DB (Col 2) Object (Col 3) GO ID (Col 5) Reference (Col 6) Extension (Col 16)
O76082 SLC22A5 GO:0052106 PMID:18005709 occurs_in(CL:0000066)


2. Human Wnt7a (UniProtKB:O00755) is involved in positive regulation of epithelial cell proliferation involved in wound healing (GO:0060054) in corneal epithelial cells (CL:0000575), PMID:15802269

So the annotation would be;

DB (Col 2) Object (Col 3) GO ID (Col 5) Reference (Col 6) Extension (Col 16)
O00755 Wnt7a GO:0060054 PMID:15802269 occurs_in(CL:0000575)


Exception

One exception to using the occurs_in relationship for enhancing Biological Process annotations is when annotating a gene product to terms such as '<X> cell fate commitment'. The commitment actually occurs in a stem cell before 'X cell' forms. For example, an annotation to 'myoblast cell fate commitment' should not have the annotation extension: occurs_in(CL:0000056), which indicates that the commitment to become a myoblast cell is occuring in the myoblast cell (CL:0000056) as, in fact, it is occuring in a stem cell.

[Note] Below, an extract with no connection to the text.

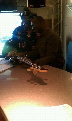 At WHUR-FM with the legendary Bootsy Collins. He was performing a Funk Blessing on my MusicMan Bass. Really cool Brother…

Multiple annotation extensions for cell type

The publication may describe the localization of a gene product in two or more distinct cell types.

For example: Theoretical gene 1234 is located in the mitochondrial membrane (GO:0031966) of Purkinje cells (CL:0000121) and bipolar neurons (CL:0000103), PMID:54321

So the annotation would be;

DB (Col 2) Object (Col 3) GO ID (Col 5) Reference (Col 6) Extension (Col 16)
1234 Theo GO:0031966 PMID:54321 part_of(CL:0000121)|part_of(CL:0000103)

N. B. No meaning is attached to the order of the cell type identifiers listed in column 16


Requesting new ontology terms for cell type

If the cell type term you require does not exist, you can make a request on the Cell Type Ontology SourceForge tracker or, for plant cell types, on the Plant Ontology SourceForge tracker.